Work order:
Write out the lines below exactly, beginning at the one with "Colorful clotheslines on" and stopping after the one with "Jika pencetakan tidak"; the pictures are not copied.

Dataset excerpts:

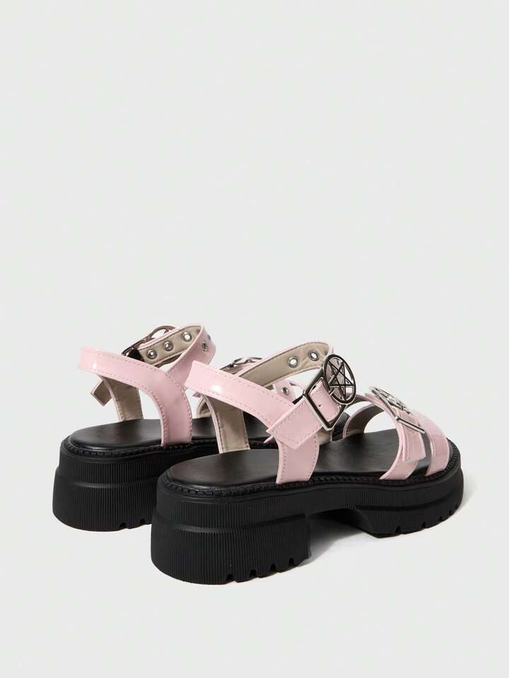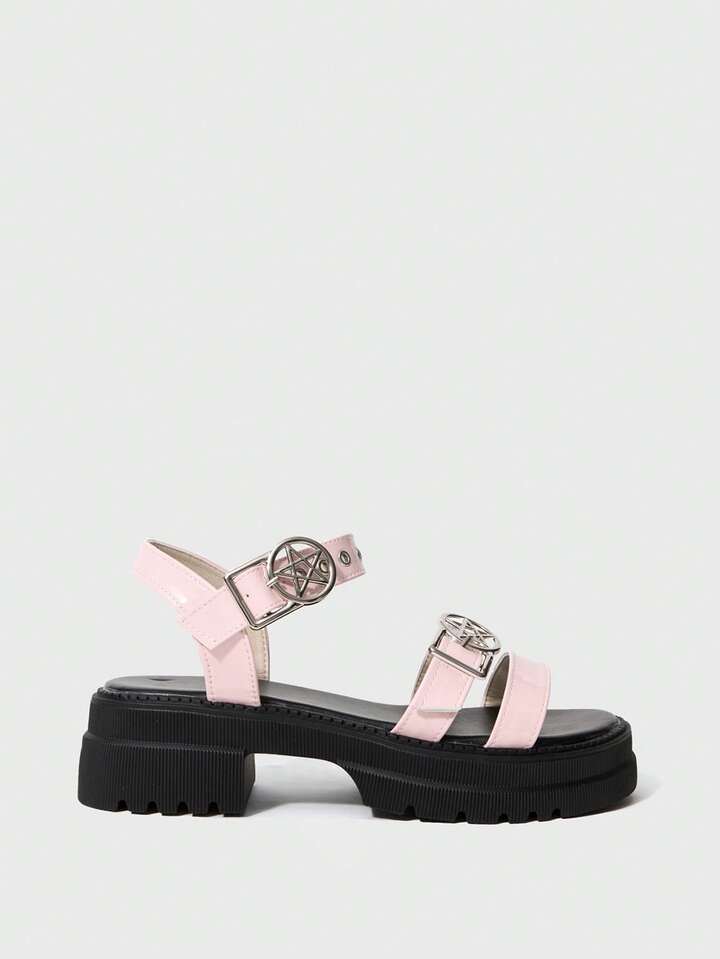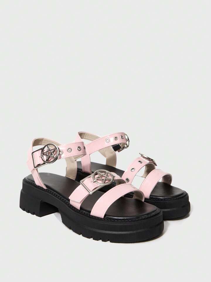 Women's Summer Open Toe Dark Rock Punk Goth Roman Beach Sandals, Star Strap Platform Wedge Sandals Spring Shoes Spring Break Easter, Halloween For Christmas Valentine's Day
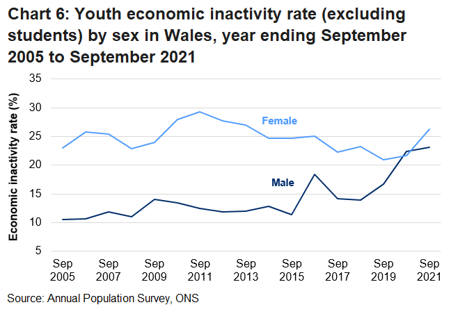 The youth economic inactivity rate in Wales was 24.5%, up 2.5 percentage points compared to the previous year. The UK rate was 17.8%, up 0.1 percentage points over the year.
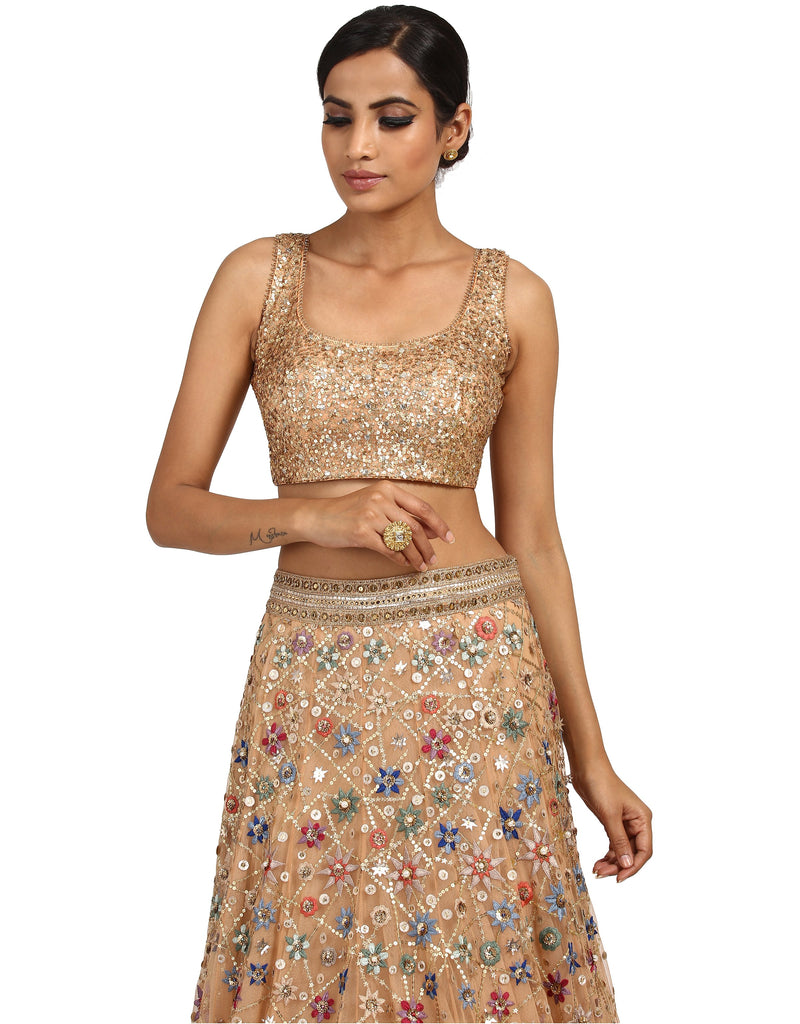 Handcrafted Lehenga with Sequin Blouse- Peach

--

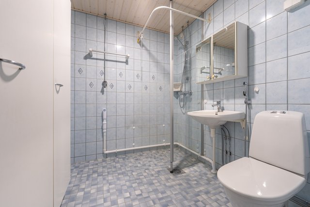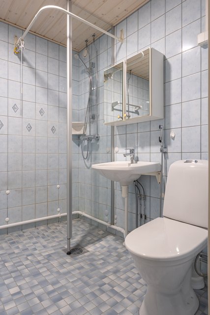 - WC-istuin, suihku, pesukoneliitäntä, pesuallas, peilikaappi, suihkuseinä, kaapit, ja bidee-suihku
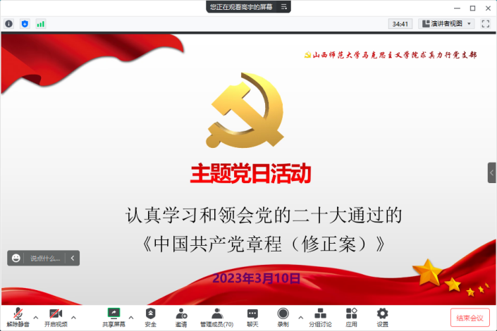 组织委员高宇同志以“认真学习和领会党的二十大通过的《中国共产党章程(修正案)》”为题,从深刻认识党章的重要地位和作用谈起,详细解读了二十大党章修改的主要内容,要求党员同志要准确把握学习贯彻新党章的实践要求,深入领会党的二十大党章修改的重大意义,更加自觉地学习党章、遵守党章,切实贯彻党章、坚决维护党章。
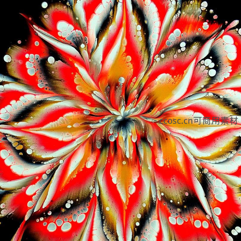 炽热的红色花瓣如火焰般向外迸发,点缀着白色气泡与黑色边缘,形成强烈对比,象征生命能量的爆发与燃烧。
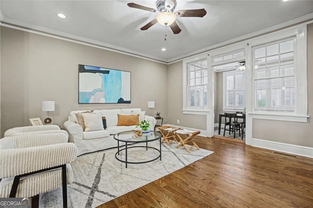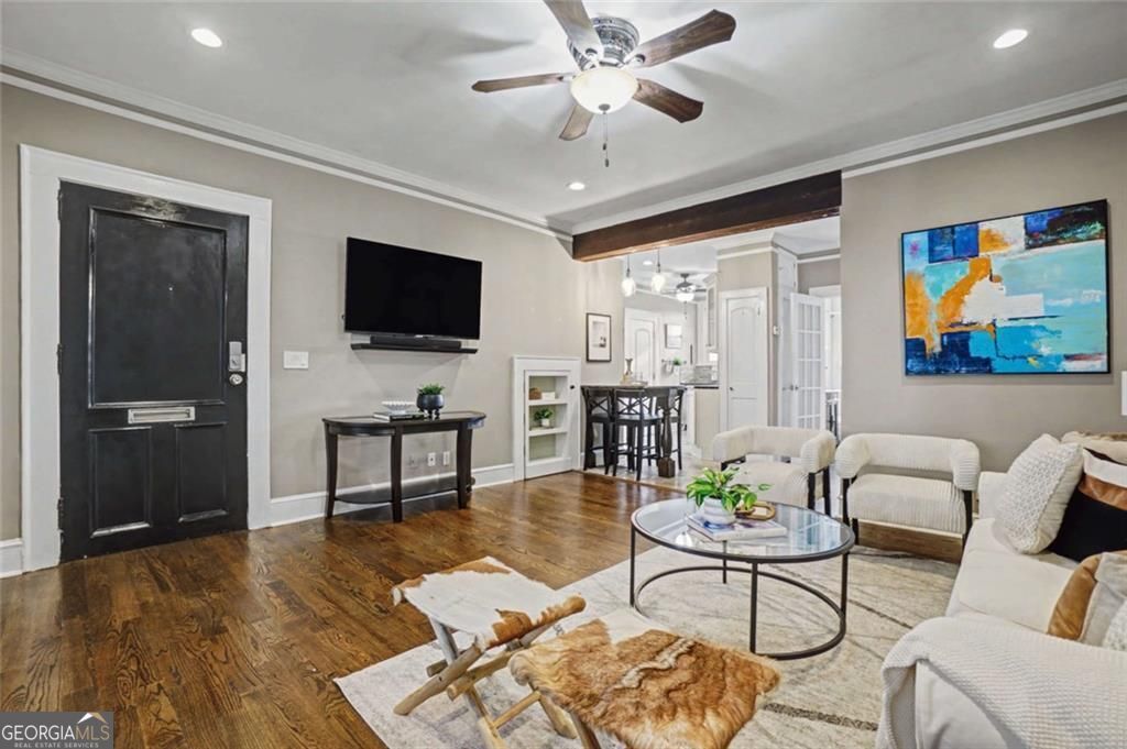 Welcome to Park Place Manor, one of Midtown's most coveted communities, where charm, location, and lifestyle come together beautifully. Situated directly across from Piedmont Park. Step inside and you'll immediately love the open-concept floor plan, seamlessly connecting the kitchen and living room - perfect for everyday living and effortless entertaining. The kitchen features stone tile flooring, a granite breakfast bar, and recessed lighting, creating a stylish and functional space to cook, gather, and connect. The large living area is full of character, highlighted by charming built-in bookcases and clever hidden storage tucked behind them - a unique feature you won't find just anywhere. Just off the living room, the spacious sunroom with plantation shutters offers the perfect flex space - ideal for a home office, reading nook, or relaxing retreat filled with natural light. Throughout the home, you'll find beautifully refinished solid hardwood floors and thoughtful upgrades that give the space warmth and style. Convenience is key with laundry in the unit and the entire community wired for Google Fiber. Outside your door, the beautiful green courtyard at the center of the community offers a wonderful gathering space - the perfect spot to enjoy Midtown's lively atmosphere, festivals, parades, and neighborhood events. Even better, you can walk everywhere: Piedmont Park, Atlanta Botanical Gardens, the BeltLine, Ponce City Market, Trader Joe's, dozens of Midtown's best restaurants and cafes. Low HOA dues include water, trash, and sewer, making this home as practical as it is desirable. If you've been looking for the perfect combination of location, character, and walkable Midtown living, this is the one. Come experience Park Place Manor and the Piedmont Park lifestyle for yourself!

...

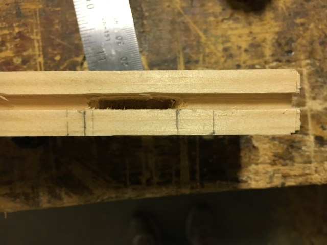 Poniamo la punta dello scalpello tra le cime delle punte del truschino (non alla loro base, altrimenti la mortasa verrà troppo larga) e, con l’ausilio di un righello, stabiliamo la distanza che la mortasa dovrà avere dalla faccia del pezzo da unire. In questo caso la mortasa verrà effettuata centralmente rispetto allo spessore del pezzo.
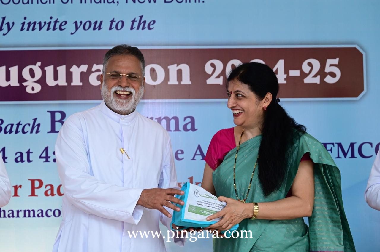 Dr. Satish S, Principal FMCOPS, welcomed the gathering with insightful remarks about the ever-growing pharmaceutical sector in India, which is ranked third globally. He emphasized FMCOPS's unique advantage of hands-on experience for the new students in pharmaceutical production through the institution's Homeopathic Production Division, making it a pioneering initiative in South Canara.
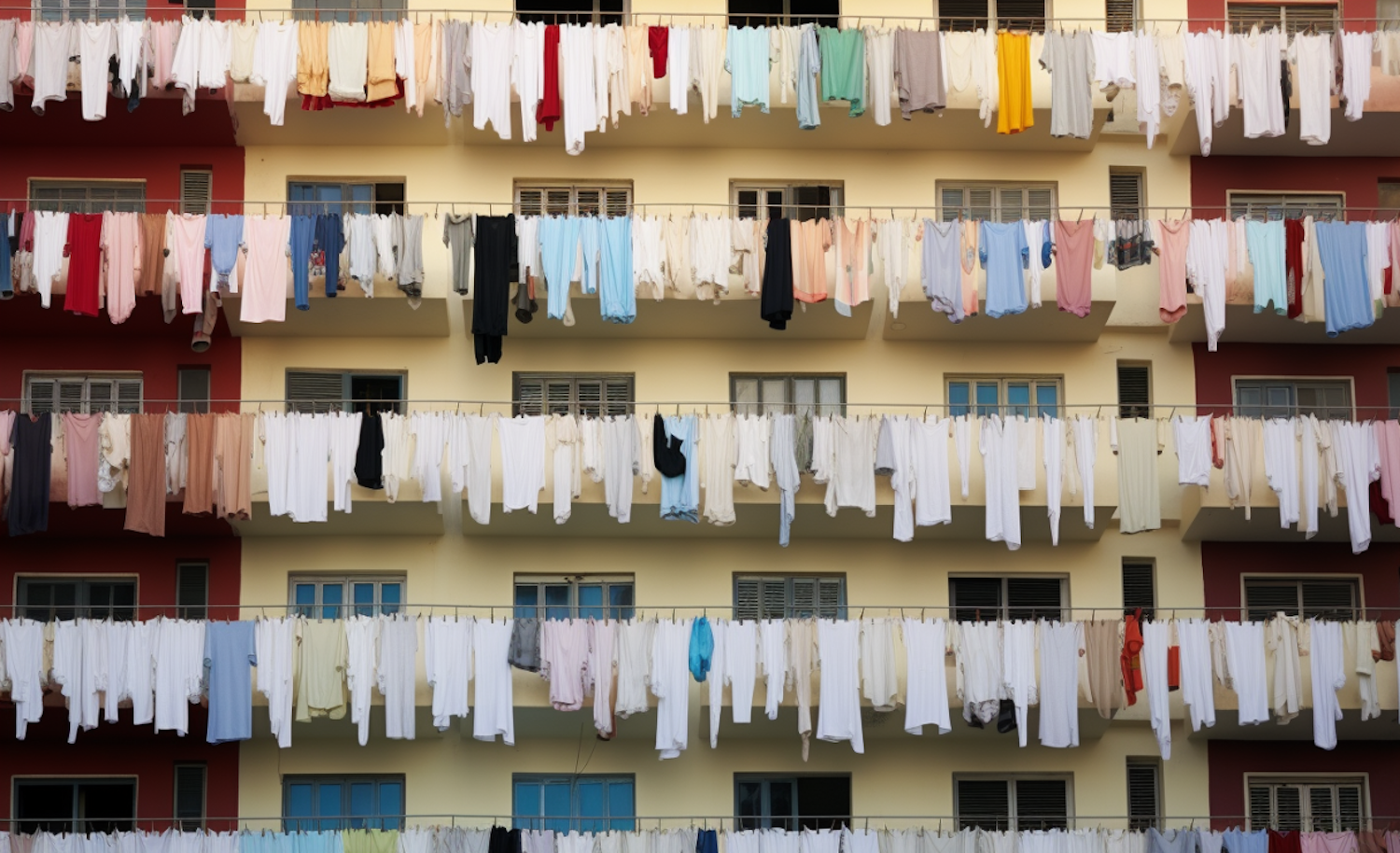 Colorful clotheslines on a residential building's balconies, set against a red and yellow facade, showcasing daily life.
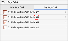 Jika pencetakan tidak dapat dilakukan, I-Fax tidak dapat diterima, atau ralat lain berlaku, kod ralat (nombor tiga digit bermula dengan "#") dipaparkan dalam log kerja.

Result for this exercise:
 Colorful clotheslines on a residential building's balconies, set against a red and yellow facade, showcasing daily life.
 Jika pencetakan tidak dapat dilakukan, I-Fax tidak dapat diterima, atau ralat lain berlaku, kod ralat (nombor tiga digit bermula dengan "#") dipaparkan dalam log kerja.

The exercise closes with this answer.